Teaching English in Korea

About 3 1/2 months ago I came home to Detroit from my 2-year Peace Corps service in the Philippines.  In the months leading up to my service, I had planned to transfer to PC China and serve another 2 years, and then go to graduate school.  In the end, I wasn’t able to transfer to China and I had to do a little revision in my plans.

I want to go to graduate school to study social work and, eventually, continue doing development work.  However, at the time that I finished my PC service, I hadn’t prepared to go straight into school.  I needed to save up a bit of money to pay on my student loans, to start paying for graduate school and I needed time to make the appropriate preparations for going back to school.

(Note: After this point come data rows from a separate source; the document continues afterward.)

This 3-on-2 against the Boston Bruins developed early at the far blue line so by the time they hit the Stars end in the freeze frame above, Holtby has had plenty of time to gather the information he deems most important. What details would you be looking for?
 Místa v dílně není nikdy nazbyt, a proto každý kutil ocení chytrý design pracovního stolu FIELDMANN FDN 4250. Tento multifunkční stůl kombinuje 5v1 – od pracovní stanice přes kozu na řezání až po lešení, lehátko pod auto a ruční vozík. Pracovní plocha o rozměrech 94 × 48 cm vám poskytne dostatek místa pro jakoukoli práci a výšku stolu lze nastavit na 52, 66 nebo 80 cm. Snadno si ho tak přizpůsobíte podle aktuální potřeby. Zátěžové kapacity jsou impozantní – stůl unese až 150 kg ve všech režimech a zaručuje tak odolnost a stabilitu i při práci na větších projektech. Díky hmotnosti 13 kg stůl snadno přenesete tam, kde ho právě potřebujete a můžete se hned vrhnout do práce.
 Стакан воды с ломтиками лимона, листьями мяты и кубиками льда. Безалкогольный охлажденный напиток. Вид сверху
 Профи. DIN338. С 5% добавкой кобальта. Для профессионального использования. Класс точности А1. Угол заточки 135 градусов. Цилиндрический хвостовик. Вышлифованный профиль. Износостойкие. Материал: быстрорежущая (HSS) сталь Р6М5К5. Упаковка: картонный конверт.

Back in 2004, I took a TEFL course with the idea that it might someday be useful to me in terms of finding a teaching job abroad.  Some people may not know this, but there is a very large world-wide market for teaching English- particularly in Asia.  I narrowed my job search down to Japan and Korea, and, after talking to people who’ve taught in both places, I decided to try and get a year-long job contract teaching in South Korea.

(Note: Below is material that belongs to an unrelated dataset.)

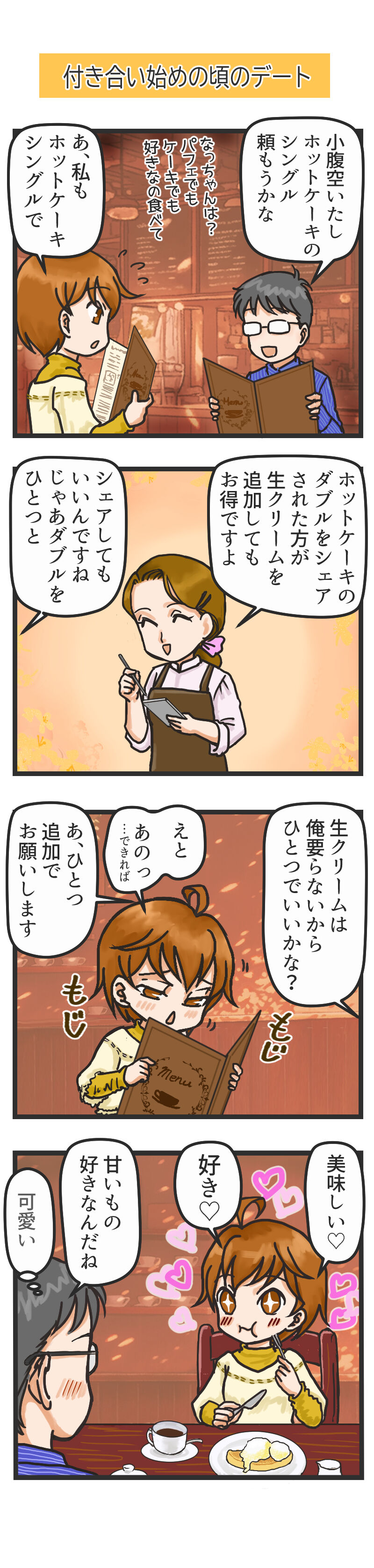 2025年02月28日 星乃珈琲のスフレパンケーキ コメント数:0 コメント カテゴリ:エッセイ漫画 by sinkorswim_t ブログネタ:【公式】お気に入りのチェーン店 に参加中! 喫茶店のホットケーキが好きです。スフレタイプの物も昔ながらのホットケーキもいいですね。星乃珈琲の名物スフレパンケーキが好きでまた食べたいと思いつつもう何年も行ってません。これは別のカフェ?ケーキ屋さんのパンケーキ。一度だけ行った横浜赤レンガの「bills」のリコッタチーズ入りパンケーキ。店内が薄暗かったので綺麗に撮れてませんが、とても美味しかったです。お値段もすごかったけど。このとき行った喫茶店はなんて名前かもう忘れてしまったのですが、レトロ風なパンケーキでした。多分これかな?シェアする前のダブルホットケーキ。しっかり焼色がついていて懐かしい味。また行きたいです。家で焼いてみたリコッタ入りパンケーキ。しっとりして美味しかったです。オタク夫婦の日常日記 ep10AmazonKindleインディーズにて無料DL中。コロナ禍自粛生活日記にほんブログ村 タグ :#ホットケーキ#パンケーキ#絵日記#エッセイ漫画#4コマ#夫婦#喫茶店

My reasons for choosing Korea aren’t so much that I’m interested in Korea and Korean culture, but that it’s really the must lucrative and easy-to-navigate system that I found.  Teaching in Japan used to have this title, but times, they are a changin’.

In Korea:

  • The pay is the same or maybe higher than in Japan.
  • The cost of living in Korea is much lower than in Japan.
  • It’s easier finding a job in Korea- some people find that private schools in Japan are more discriminating toward people of size, color and/or an older age.
  • The perks are better.  Round-trip airfare and paid apartments are pretty much standard in contracts- in Japan, I saw a lot of variation in these things.

Anyway, I don’t want to make this a comparison of places to teach.  I want to make this a record of starting anew in a new place.

So now I’m off to the city of Daejeon, where I’m going to teach English in a public middle school.  I will update more about what it’s like  living and working in Korea.